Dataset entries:
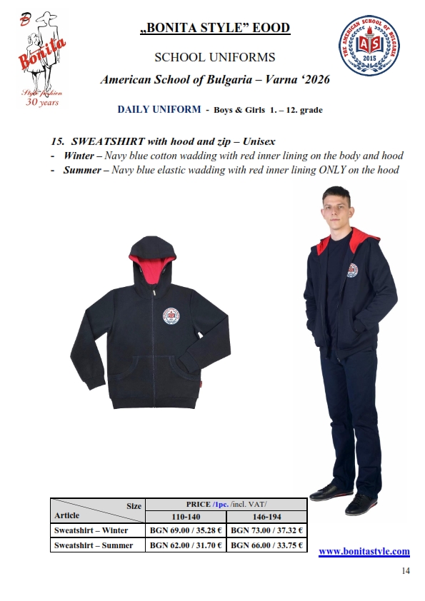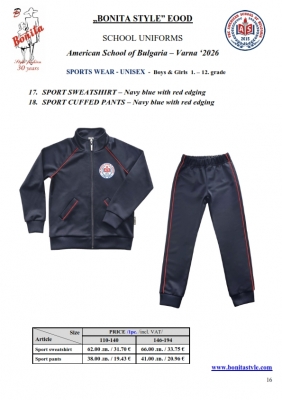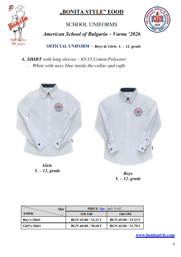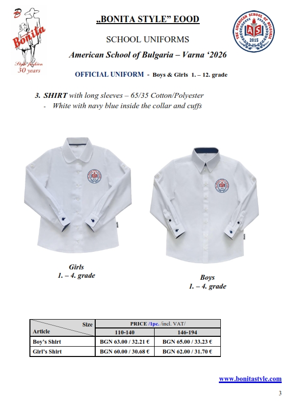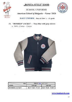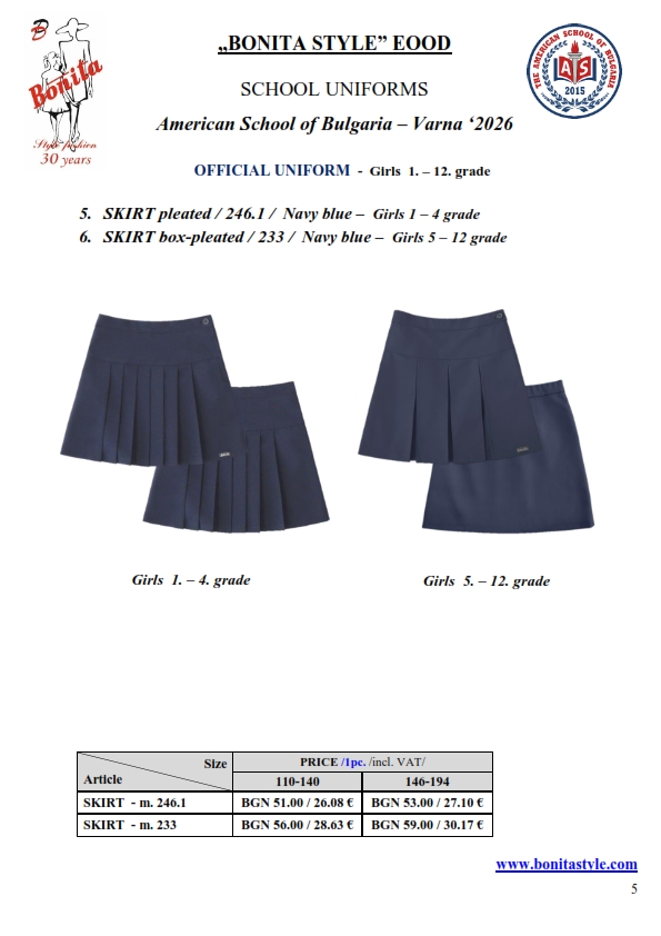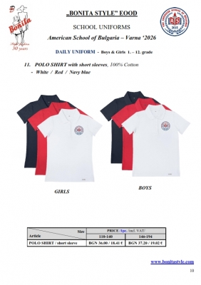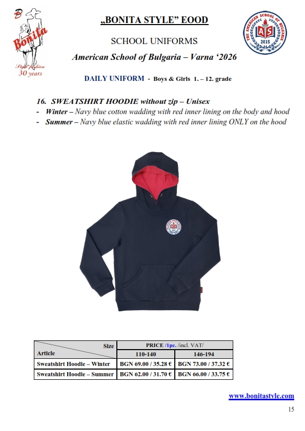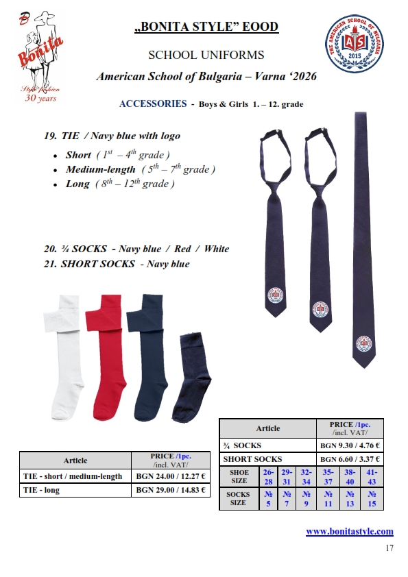 7. Гаранционни условия: “БОНИТА СТИЛ” е сертифицирана и прилага система за управление на качеството ISO 9001:2015. В съответствие с изискванията на тази система и прилаганите процедури, "БОНИТА СТИЛ" гарантира, че всички произведени от фирмата продукти отговарят на изискванията на БДС и Европейските стандарти за безопасност и качество на стоките и услугите. Всички предлагани тук артикули за ученически униформи са с гаранционен срок в рамките на шест месеца. Действието на тази гаранция се простира върху всички използвани материали при установени фабрични дефекти, както и върху качеството на изработка на артикулите, при спазени всички предписани от производителя изисквания по отношение на третиране и съхранение на облеклата. Гаранцията не отнася за механични и химични увреждания на тъканите, причинени от Клиента при употреба и третиране.
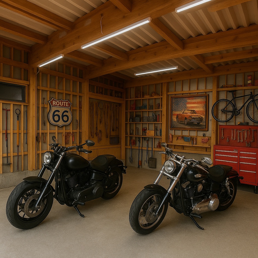 【ガレージのイメージ画像です】南側にガレージがあります。趣味のバイクや、自転車いじりなどにお使いいただけます。壁がそのまま整理棚となっていて便利にお使いいただけます。週末が楽しみになりますね。
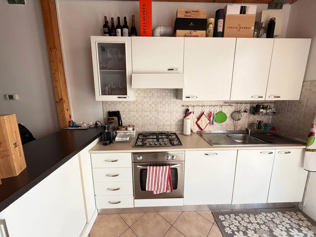 L'appartamento è composto da: ingresso, luminoso soggiorno con angolo cottura a penisola, balcone, antibagno attrezzato con lavatrice, bagno finestrato con box doccia.
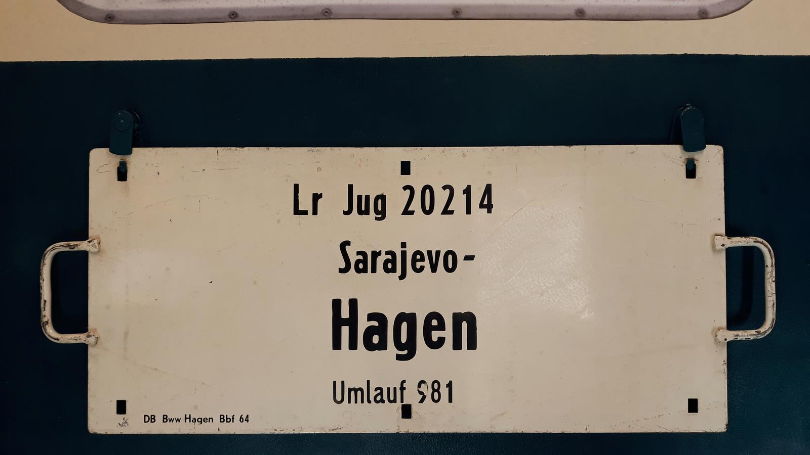 Lr Jug 20214 Sarajevo-Hagen Startseite Zuglaufschilder Fernverkehr D-Züge lange Strecke Lr Jug 20214 Sarajevo-Hagen Das Bww Hagen stellte diesen Gastarbeiterzug nach Hagen in Westfalen. Vorheriger Zuglaufschild D Esp 20313 Friedberg/H-Lisboa Nächster Zuglaufschild Lr Jug 20215 Donauwörth-Sarajevo
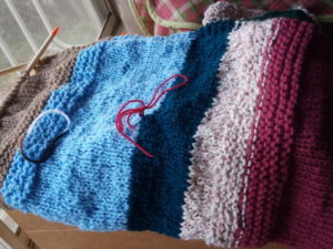 120㎝になりました。後2段で平編みはお終いです。薄茶色に移りました。一本の中で半分くらいは新しい糸を入れたいのですよね。どうしても中古の糸は弾力が無いから、模様がきっちり出ません。
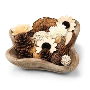 Square Wavy Live Edge Wooden Dough Bowl for Decor 10" Medium Natural Root Wood Hand Carved Decorative Wooden Farmhouse Fruit Bowl Handmade, Home Decoration Centerpiece, Dining Room Table Display Bowl
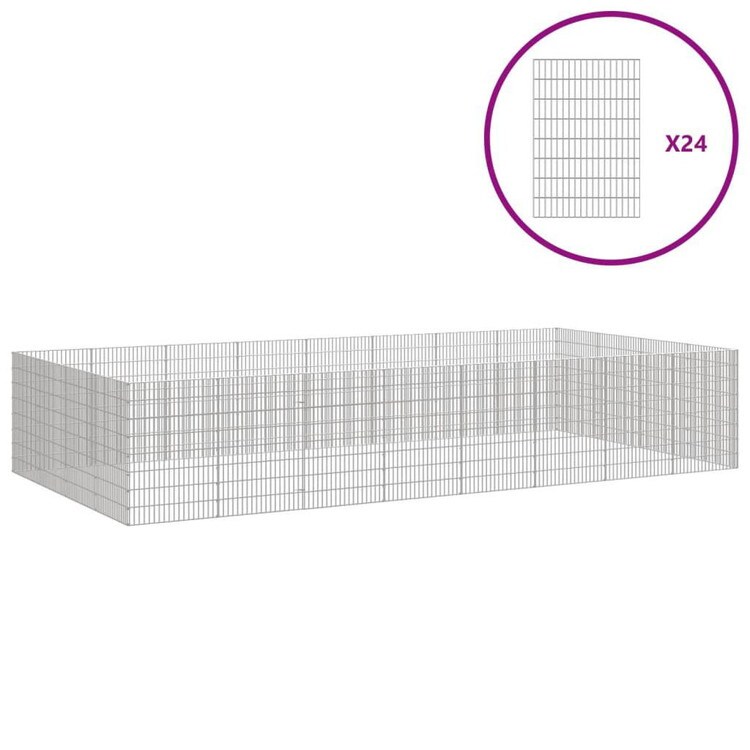 vidaXL 放し飼い動物用囲い 24パネル 54×80cm 亜鉛メッキ鉄板 動物 ペット用品 ペット用品 小動物用品 小動物 飼育 ケージ
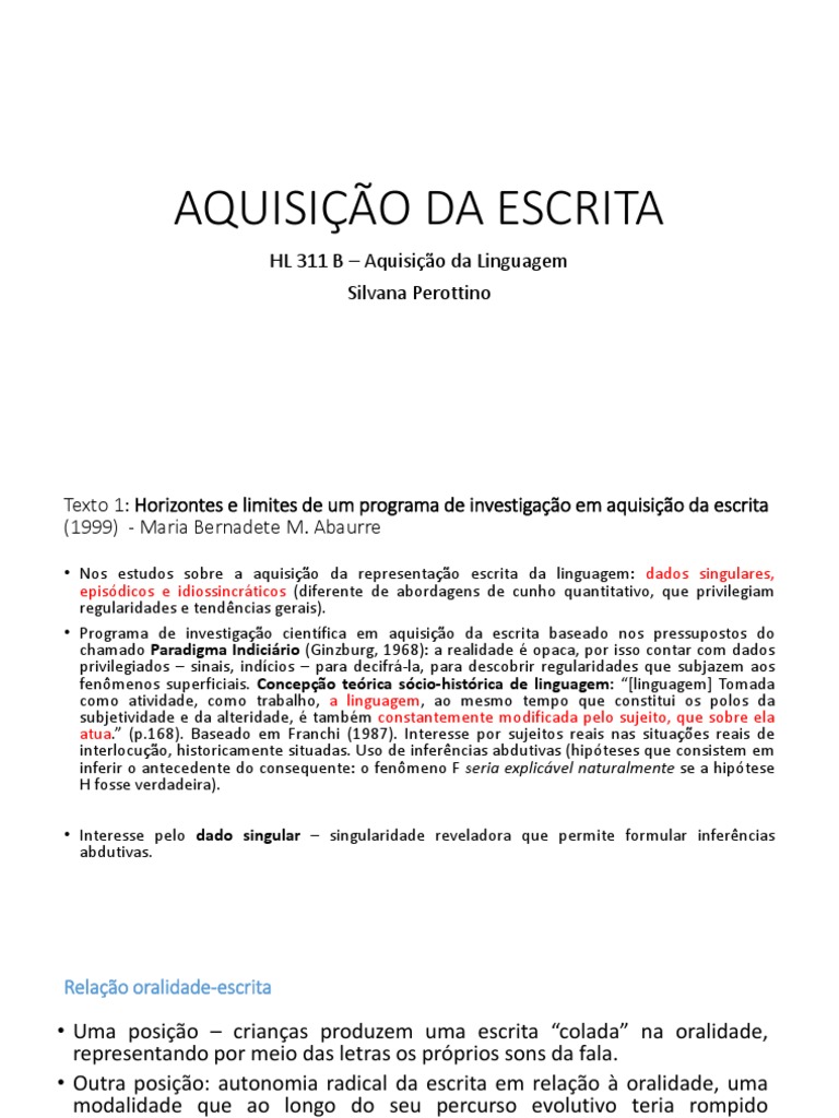 historicamente situadas. que privilegiam regularidades e tendências gerais).Texto 1: Horizontes e limites de um programa de investigação em aquisição da escrita (1999) . que sobre ela atua. • Interesse pelo dado singular – singularidade reveladora que permite formular inferências abdutivas. a linguagem. Concepção teórica sócio-histórica de linguagem: “[linguagem] Tomada como atividade.168). . por isso contar com dados privilegiados – sinais. episódicos e idiossincráticos (diferente de abordagens de cunho quantitativo. ao mesmo tempo que constitui os polos da subjetividade e da alteridade. é também constantemente modificada pelo sujeito. • Programa de investigação científica em aquisição da escrita baseado nos pressupostos do chamado Paradigma Indiciário (Ginzburg. Abaurre • Nos estudos sobre a aquisição da representação escrita da linguagem: dados singulares. Uso de inferências abdutivas (hipóteses que consistem em inferir o antecedente do consequente: o fenômeno F seria explicável naturalmente se a hipótese H fosse verdadeira). Interesse por sujeitos reais nas situações reais de interlocução. indícios – para decifrá-la.” (p. 1968): a realidade é opaca.Maria Bernadete M. como trabalho. para descobrir regularidades que subjazem aos fenômenos superficiais. Baseado em Franchi (1987).

INSTRUCTIONS FOR THE TASK: Quote the data exactly, leaving every image out of the copy.

RESULT BELOW:
 7. Гаранционни условия: “БОНИТА СТИЛ” е сертифицирана и прилага система за управление на качеството ISO 9001:2015. В съответствие с изискванията на тази система и прилаганите процедури, "БОНИТА СТИЛ" гарантира, че всички произведени от фирмата продукти отговарят на изискванията на БДС и Европейските стандарти за безопасност и качество на стоките и услугите. Всички предлагани тук артикули за ученически униформи са с гаранционен срок в рамките на шест месеца. Действието на тази гаранция се простира върху всички използвани материали при установени фабрични дефекти, както и върху качеството на изработка на артикулите, при спазени всички предписани от производителя изисквания по отношение на третиране и съхранение на облеклата. Гаранцията не отнася за механични и химични увреждания на тъканите, причинени от Клиента при употреба и третиране.
 【ガレージのイメージ画像です】南側にガレージがあります。趣味のバイクや、自転車いじりなどにお使いいただけます。壁がそのまま整理棚となっていて便利にお使いいただけます。週末が楽しみになりますね。
 L'appartamento è composto da: ingresso, luminoso soggiorno con angolo cottura a penisola, balcone, antibagno attrezzato con lavatrice, bagno finestrato con box doccia.
 Lr Jug 20214 Sarajevo-Hagen Startseite Zuglaufschilder Fernverkehr D-Züge lange Strecke Lr Jug 20214 Sarajevo-Hagen Das Bww Hagen stellte diesen Gastarbeiterzug nach Hagen in Westfalen. Vorheriger Zuglaufschild D Esp 20313 Friedberg/H-Lisboa Nächster Zuglaufschild Lr Jug 20215 Donauwörth-Sarajevo
 120㎝になりました。後2段で平編みはお終いです。薄茶色に移りました。一本の中で半分くらいは新しい糸を入れたいのですよね。どうしても中古の糸は弾力が無いから、模様がきっちり出ません。
 Square Wavy Live Edge Wooden Dough Bowl for Decor 10" Medium Natural Root Wood Hand Carved Decorative Wooden Farmhouse Fruit Bowl Handmade, Home Decoration Centerpiece, Dining Room Table Display Bowl
 vidaXL 放し飼い動物用囲い 24パネル 54×80cm 亜鉛メッキ鉄板 動物 ペット用品 ペット用品 小動物用品 小動物 飼育 ケージ
 historicamente situadas. que privilegiam regularidades e tendências gerais).Texto 1: Horizontes e limites de um programa de investigação em aquisição da escrita (1999) . que sobre ela atua. • Interesse pelo dado singular – singularidade reveladora que permite formular inferências abdutivas. a linguagem. Concepção teórica sócio-histórica de linguagem: “[linguagem] Tomada como atividade.168). . por isso contar com dados privilegiados – sinais. episódicos e idiossincráticos (diferente de abordagens de cunho quantitativo. ao mesmo tempo que constitui os polos da subjetividade e da alteridade. é também constantemente modificada pelo sujeito. • Programa de investigação científica em aquisição da escrita baseado nos pressupostos do chamado Paradigma Indiciário (Ginzburg. Abaurre • Nos estudos sobre a aquisição da representação escrita da linguagem: dados singulares. Uso de inferências abdutivas (hipóteses que consistem em inferir o antecedente do consequente: o fenômeno F seria explicável naturalmente se a hipótese H fosse verdadeira). Interesse por sujeitos reais nas situações reais de interlocução. indícios – para decifrá-la.” (p. 1968): a realidade é opaca.Maria Bernadete M. como trabalho. para descobrir regularidades que subjazem aos fenômenos superficiais. Baseado em Franchi (1987).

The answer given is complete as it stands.